Studio album by One Night Only
- Released: 4 February 2008
- Recorded: August–September 2007
- Genre: Alternative rock
- Length: 39:44
- Label: Vertigo

One Night Only chronology
|  | Started a Fire (2008) | One Night Only (2010) |

= Started a Fire =

Started a Fire is the debut studio album by the British rock band One Night Only. It was released on 11 February 2008.

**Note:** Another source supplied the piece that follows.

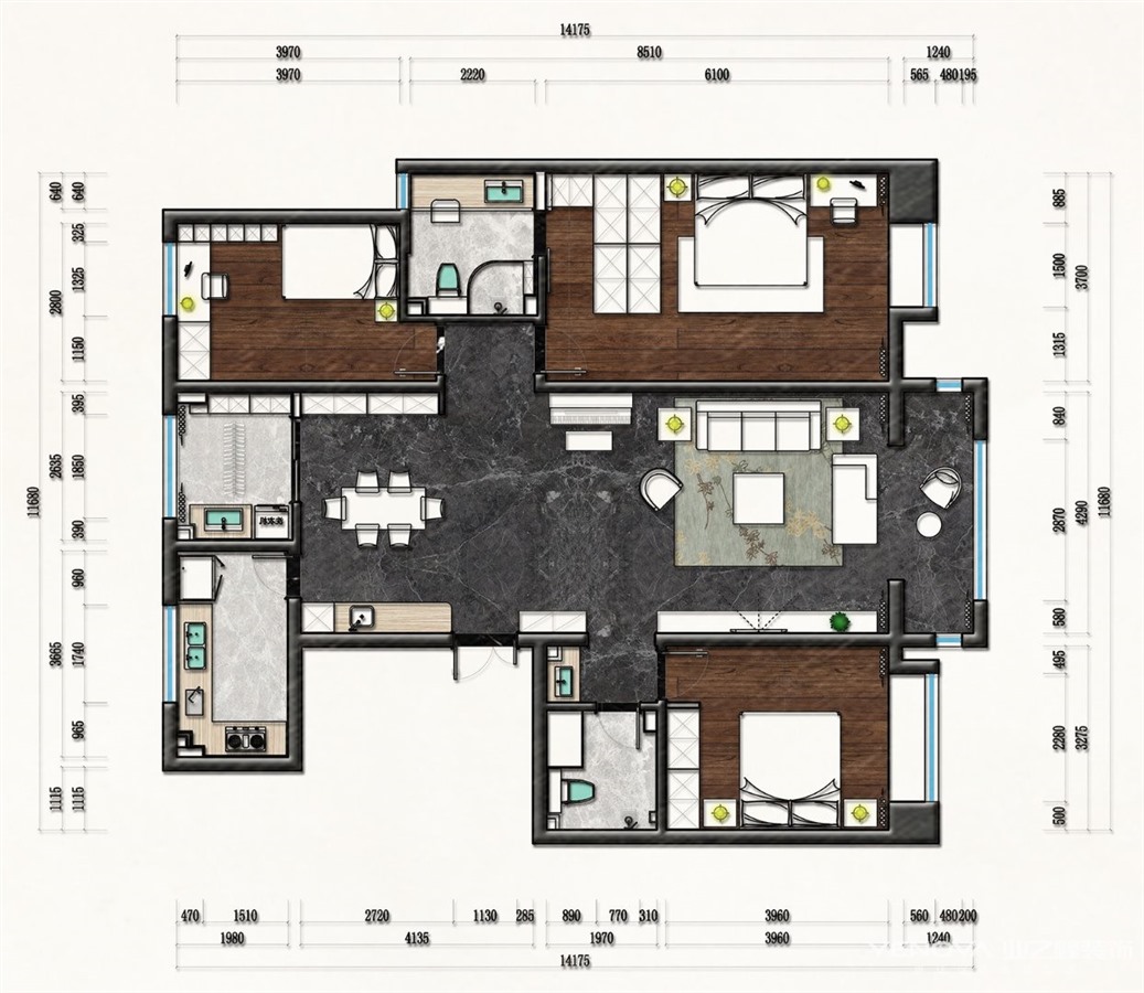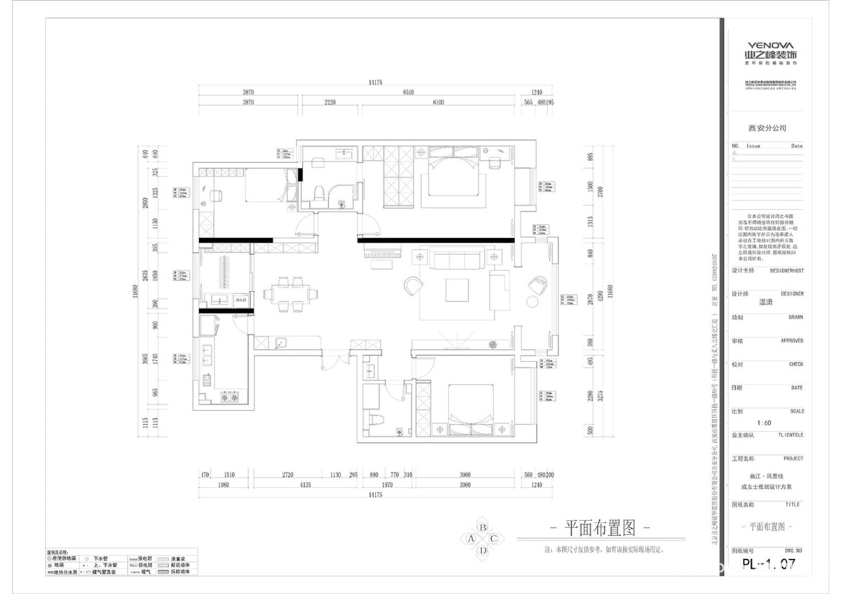 此户型为三室一厅居室设计占地面积总共140多平方米,要满足三代人同时居住,因此在设计上有很大的难度,而设计师采用的时尚现代简约风格可以很好的表现此空间的完整性,在小空间里面找到属于自己的空间其中很多设计上更具有人性化,使空间更实用,功能性更大,在设计上,让一个狭小的空间变的具有大空间、透光性较好等特点;在施工工艺上,安排得更加合理;在颜色搭配上,给人以低调、高雅、神秘的感觉。

The album entered the UK Album Chart at number 10 and has had a certification of gold in the UK with sales over 100,000.

Professional ratings
Review scores
| Source | Rating |
| Allmusic |  |
| NME | (5/10) |

==Track listing==

| No. | Title | Length |
|---|---|---|
| 1. | "Just for Tonight" | 4:18 |
| 2. | "It's About Time" | 3:26 |
| 3. | "You and Me" | 3:24 |
| 4. | "He's There" | 3:24 |
| 5. | "Start Over" | 4:57 |
| 6. | "Time" | 3:10 |
| 7. | "Stay At Home" | 3:33 |
| 8. | "It's Alright" | 3:22 |
| 9. | "Sweet Sugar" | 4:21 |
| 10. | "Hide" | 5:49 |

iTunes bonus track
| No. | Title | Length |
|---|---|---|
| 11. | "Just for Tonight" (Live) | 4:20 |

== Certifications ==

Certifications for Started a Fire
| Region | Certification | Certified units/sales |
| United Kingdom (BPI) | Gold | 100,000^{^} |
^{^} Shipments figures based on certification alone.

== Singles ==
"You and Me" was released as the debut single on 29 October 2007. It reached number 46 on the UK Singles Chart. The B-side for the CD is "What's Your Melody". The vinyl formats have either "Nintendo" or "Go Go Go". Their video for "You and Me" was posted on MySpace and was so well received that MySpace asked the band to make a short film, "One Night Only Welcomes You to Helmsley". A new video was produced to coincide with a rerelease of the single on 7 July 2008. The music video was produced by Agile Films and directed by Lucy Cash. British actress & model, Anna Brewster, plays the lead female opposite the band. It features the band caught in the middle of a large bar brawl and was filmed at The Palm Tree, Mile End. The fight director was Tim Klotz and features members of Scarlet blade theatre as the stunt team.